Ticks infected with R. aeschlimannii have mainly been reported in Africa and Europe (Pretorius and Birtles 2002, Borawski et al. 2019, Getange et al. 2021). In Asia, ticks have been found to be infected with R. aeschlimannii in Turkey, Kazakhstan, China, and Japan (Shpynov et al. 2004, Wei et al. 2015, Keskin et al. 2016, Qiu et al. 2021). However, only a few countries, such as Morocco, Tunisia, Algeria, South Africa, Spain, Turkey, Greece, and Italy, have reported cases of R. aeschlimannii infection (Tosoni et al. 2016).

Clinical signs may include fever, headache, myalgia, vomiting, and eschar or papule at the sites of tick bite. In this study, the patient presented rash, eschar, myalgia, edema, and partial necrosis surrounding the tick bite site. Given obvious edema and partial necrosis on the right lower leg, the patient received debridement. SFG Rickettsia infection has clinical manifestations of fever, facial edema, and fern leaf necrosis of the skin in Sri Lanka (Kumarathunga and Kularatne 2018). In addition, monocytosis has also been described in a patient infected with R. conorii, which was also found in our case report of R. aeschlimannii. Rickettsial agent is usually detected in blood samples.

In this patient, R. aeschlimannii was identified in the urine sample at the early phase of infection.
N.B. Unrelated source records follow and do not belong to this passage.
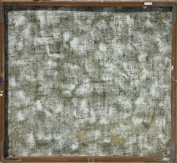 CONDITION: Several scattered abrasions with paint loss, cracklure lower right with paint loss, puncture lower right margin and upper left corner.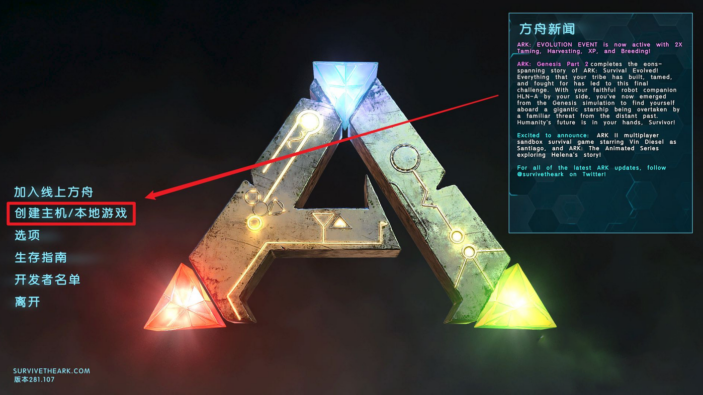 1、第一步,首先,打開方舟生存進化,點擊創建主機/本地游戲,如圖下所示。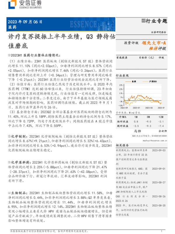 【安信证券】【20230906】医药行业专题:诊疗复苏提振上半年业绩,Q3静待估值磨底-27页

The findings suggest that R. aeschlimannii infection may present with nonspecific clinical syndromes, which is difficult to differentiate from other Rickettsia infections, however, urine testing may prove useful for early diagnosis for these emerging pathogens in endemic areas.

In China, R. aeschlimannii was first reported in Rhipicephalus turanicus in 2015 (Wei et al. 2015). In this study, R. aeschlimannii, R. raoulti, and Candidatus R. barbariae were also detected in H. asiaticum. These results suggest that multiple SFG Ricketsia cocirculate in H. asiaticum as a potential vector in XUAR, northwestern China. To date, at least 19 SFG Rickettsia species have been detected in ticks in China (Liu et al. 2021), with tick-borne diseases highly prevalent in some parts of China, adversely affecting human health (Wu et al. 2013, Wang et al. 2019, 2021, Ma et al. 2021). Testing of SFG Rickettsia should be included as part of all differential diagnoses in symptomatic patients with a recent history of tick bite in this region.

Ethics Approval and Consent to Participate

The research was approved by the First Affiliated Hospital of Shihezi Medical University. Written informed consent was obtained for all research participants.